Sunday, January 9, 2011

How Much Should My Dachshund Sleep

Rollercoaster

The roller coaster is named after the amusement developed during the winter in Russia, where there were large wooden toboggan sled descended sliding on snow. Ironically, the Russians called Amerikánskiye Gorki (Russian: Американские горки) or "American mountain." They were also known in France, where train cars added to roads in disuse, and finally came to the U.S. where they are called Roller coaster and are a popular attraction designed to fairs, amusement parks and theme parks. It is essentially a rail system, which form a track or (via) (or several) that rises and falls in specially designed circuits, sometimes with one or more investments (including the broad range of investment the best known is the loop) cabezabajo travelers leaving briefly. The track does not have a complete circuit (when open circuit is "shuttle"), although Some purists insist that there is a real roller coaster. (Note that not all the attractions that are passed through a roller coaster track).

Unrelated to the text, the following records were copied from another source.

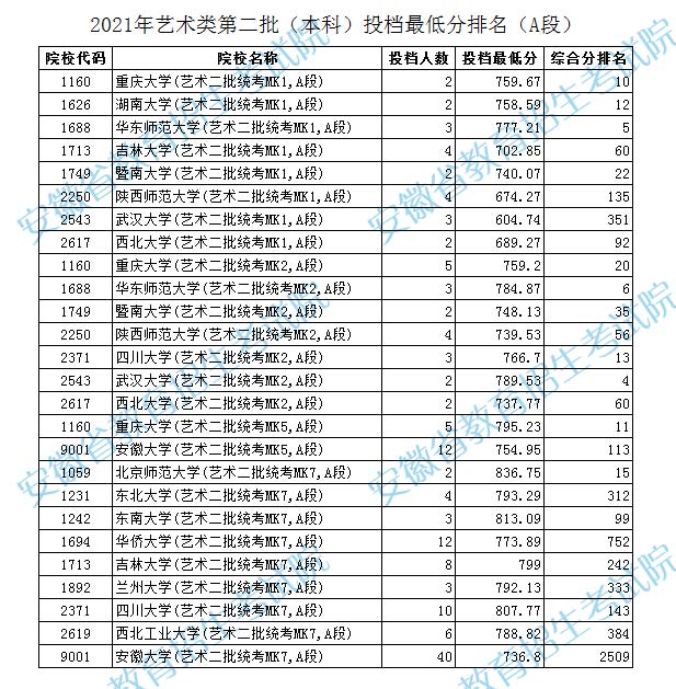 2021安徽艺术类第二批本科投档分数线及排名(A段)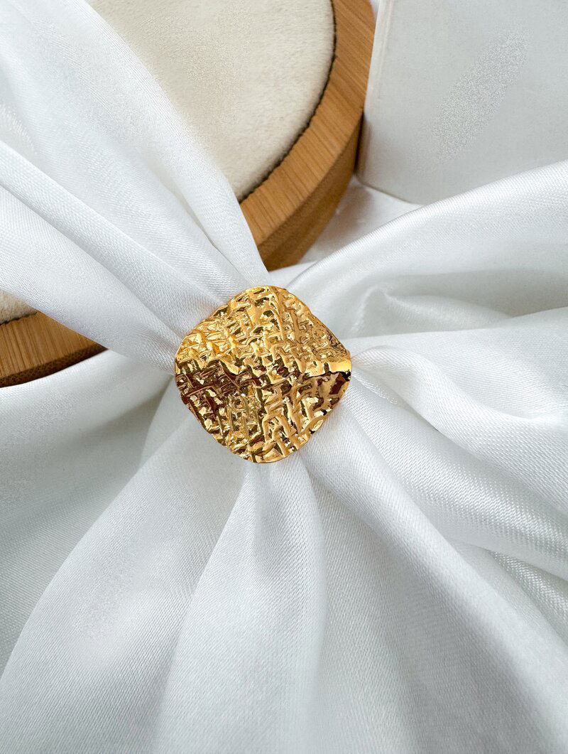 3. Anel Regulável Folheado a Ouro 18k Botton Martelado Texturizado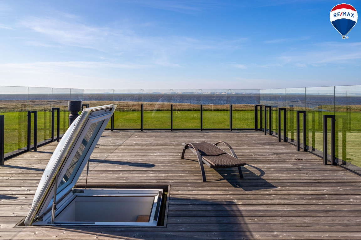 Ant stogo įrengta didžiulė terasa su panoraminiais marių vaizdais.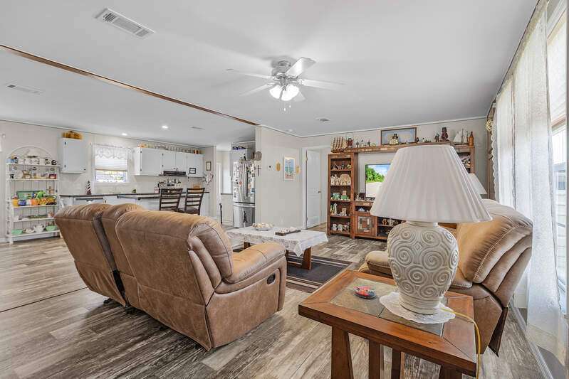 Spacious 2023 mobile on a corner lot in Pine Island Cove. Oversized one car garage. Lots of parking, everything new, generator hook up, split floor plan, and inside laundry with extra storage. The great room makes this the perfect home for entertaining. Drive around in your golf cart and enjoy the clubhouse, pool, bocce ball, and pickleball courts. Or just visit with the neighbors. Community boat ramp for your use. Plus boat storage is available for $50 a year. This home has it all. Make your appointment to see it today.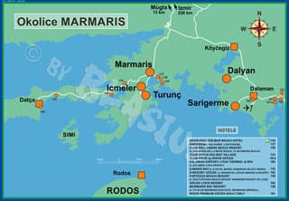 to jeden z najpiękniejszych rejonów nadmorskich Turcji. Górzysty krajobraz komplikuje co prawda komunikację,ale oferuje wspaniałe widoki. Pełno tu urokliwych zatoczek, bezludnych wysepek, a to wszystko otoczone ciepłymi wodami Morza Śródziemnego. Jedną z wielu atrakcji są rejsy gületą, czyli żaglowym jachtem.Poniżej obu mapek znajduje się spis wszystkich hoteli w

Most coasters have cars (cars) for two, four, six, eight or even 20 passengers each, where they sit to travel around the circuit. The set of all cars (cars) together is a train.

Diagram of a typical roller coaster fair, ascend with chain.

Dragon Khan roller coaster, Port Aventura, Spain.

Mechanics

Wheels is also important to maintain good lubrication, both bearings, and sometimes on the road, as this is done to overcome friction, and losing too much speed on the course.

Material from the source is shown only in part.